Exercise objective: Print every line below exactly as written, but leave the pictures behind.

-- Data section follows --

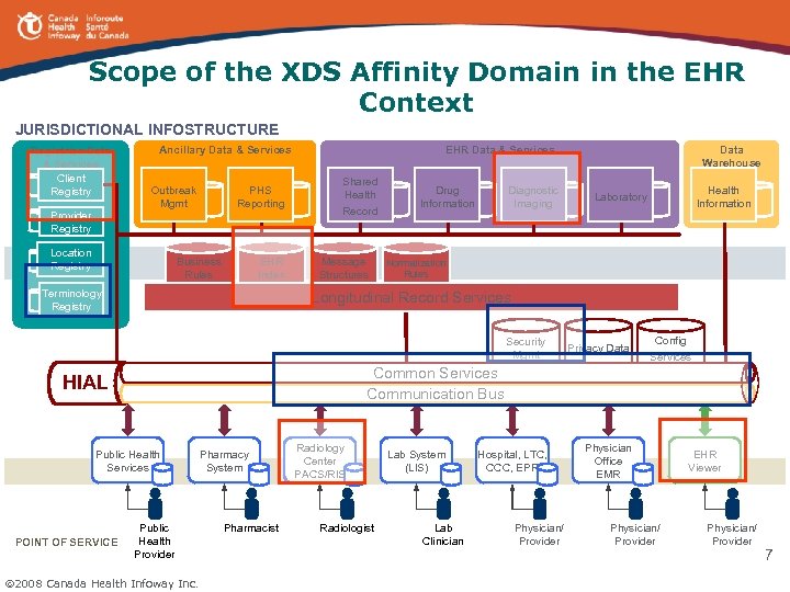 Standards used in DI Domain An array of standards address DI Requirements in Canada EHRS Blueprint v 2 Privacy & Security Privacy Legislation Healthcare Content, Messaging, Terminology HL 7/CDA, DICOM, SNOMED CT LOINC, ICD-10 -CA… IHE Integration Profiles XDS/XDS-I, PIX/PDQ, ATNA… Electronic Business Standards eb. XML, Web Services Internet Standards HTML/XML, HTTP, PDF, JPEG, MIME, UTF-8 … 6 2008 Canada Health Infoway Inc.
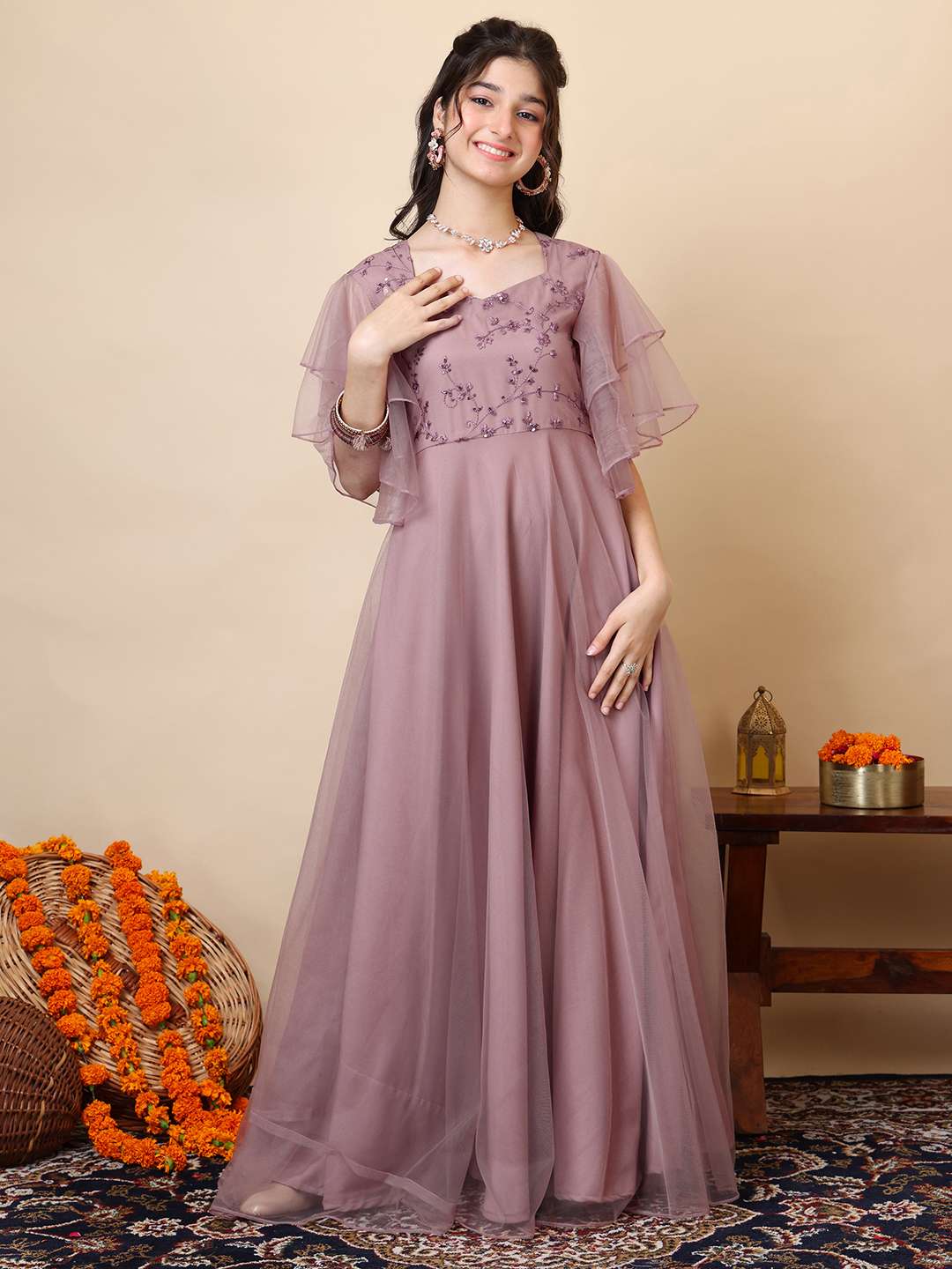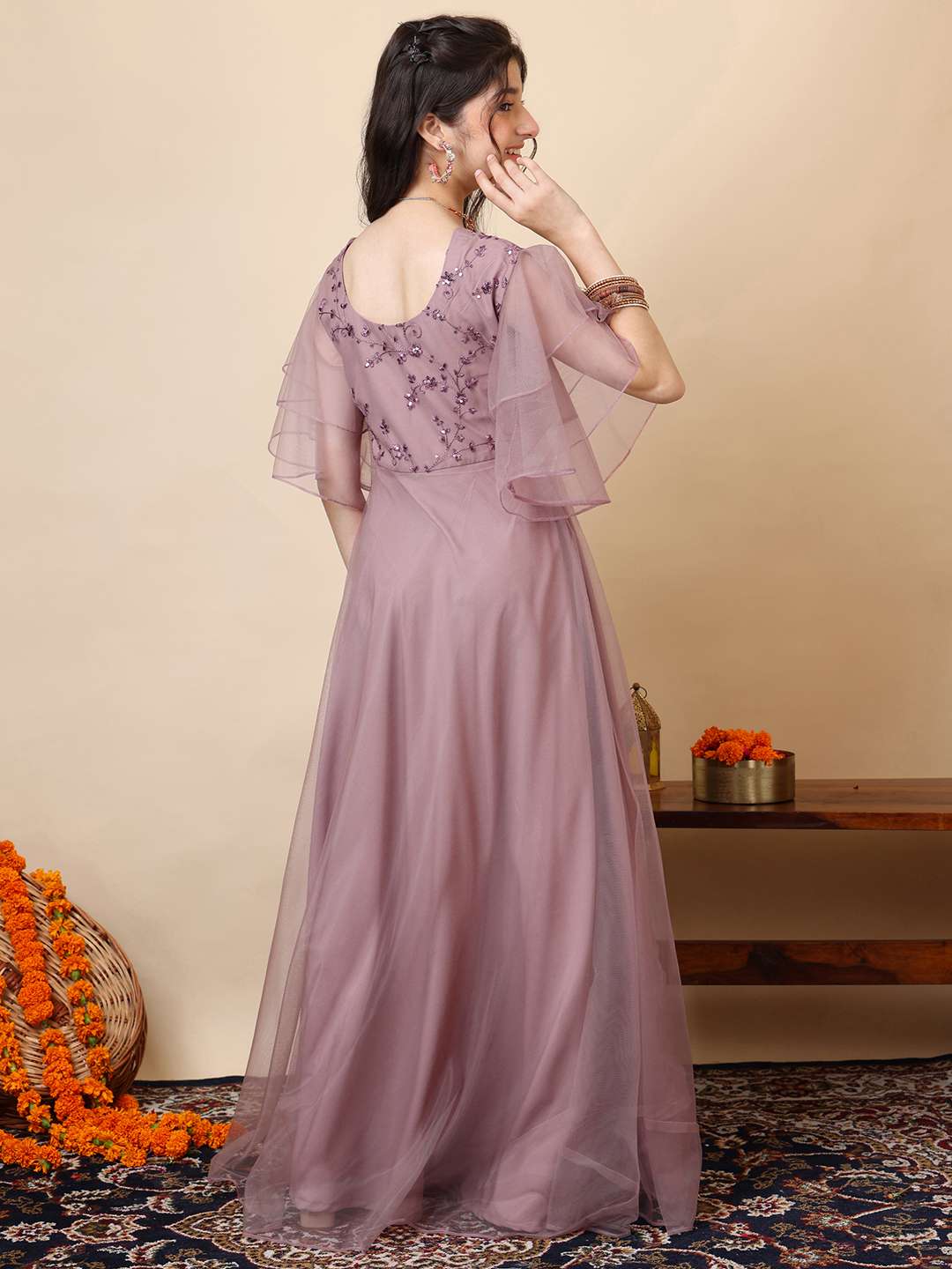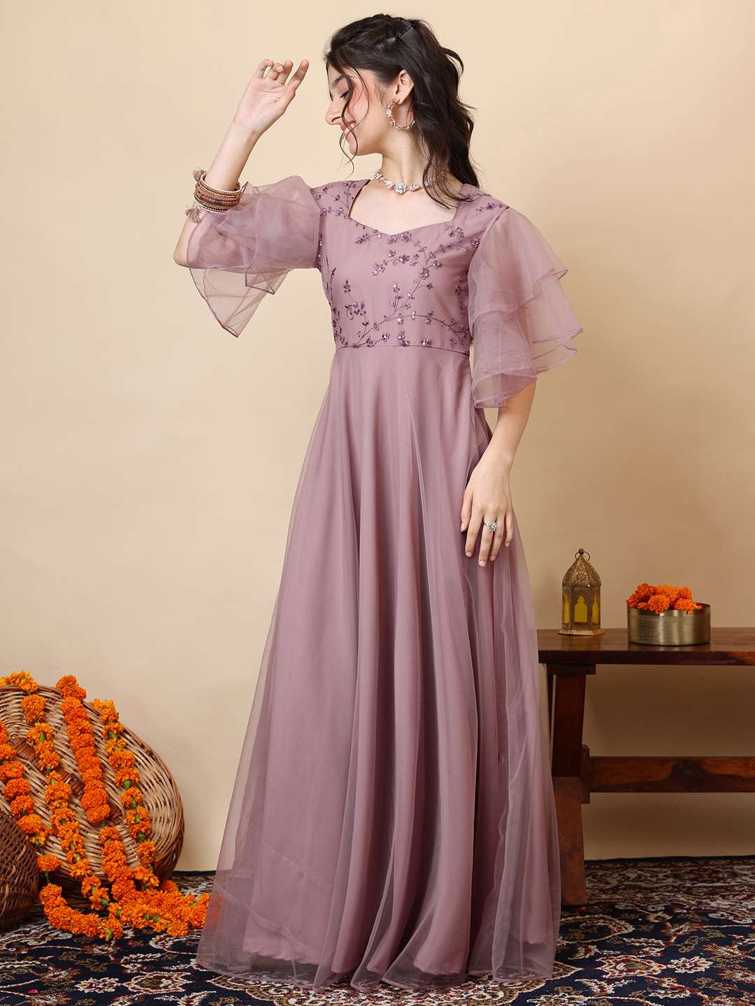 Elegant mauve ethnic dress perfect for special occasions. Crafted from delicate net fabric, this A-line maxi features intricate floral embroidery that adds timeless charm. The sweetheart neckline and short regular sleeves create a graceful silhouette, while the flared hem offers comfortable movement. Slip-on closure ensures easy wear. Ideal for celebrations, festivals, and formal events. Dry clean only to maintain the fabric's beauty and embroidered details.
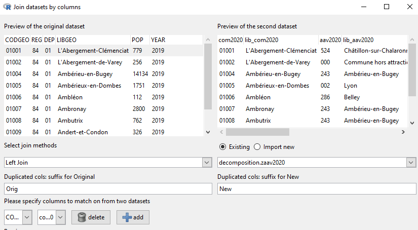 Je vais joindre mes données communales en format long et cette table de passage, il suffit de préciser les colonnes de jointure, CODGEO à gauche, com2020 à droite :

-- Data section concluded --

Your solution:
 Standards used in DI Domain An array of standards address DI Requirements in Canada EHRS Blueprint v 2 Privacy & Security Privacy Legislation Healthcare Content, Messaging, Terminology HL 7/CDA, DICOM, SNOMED CT LOINC, ICD-10 -CA… IHE Integration Profiles XDS/XDS-I, PIX/PDQ, ATNA… Electronic Business Standards eb. XML, Web Services Internet Standards HTML/XML, HTTP, PDF, JPEG, MIME, UTF-8 … 6 2008 Canada Health Infoway Inc.
 Elegant mauve ethnic dress perfect for special occasions. Crafted from delicate net fabric, this A-line maxi features intricate floral embroidery that adds timeless charm. The sweetheart neckline and short regular sleeves create a graceful silhouette, while the flared hem offers comfortable movement. Slip-on closure ensures easy wear. Ideal for celebrations, festivals, and formal events. Dry clean only to maintain the fabric's beauty and embroidered details.
 Je vais joindre mes données communales en format long et cette table de passage, il suffit de préciser les colonnes de jointure, CODGEO à gauche, com2020 à droite :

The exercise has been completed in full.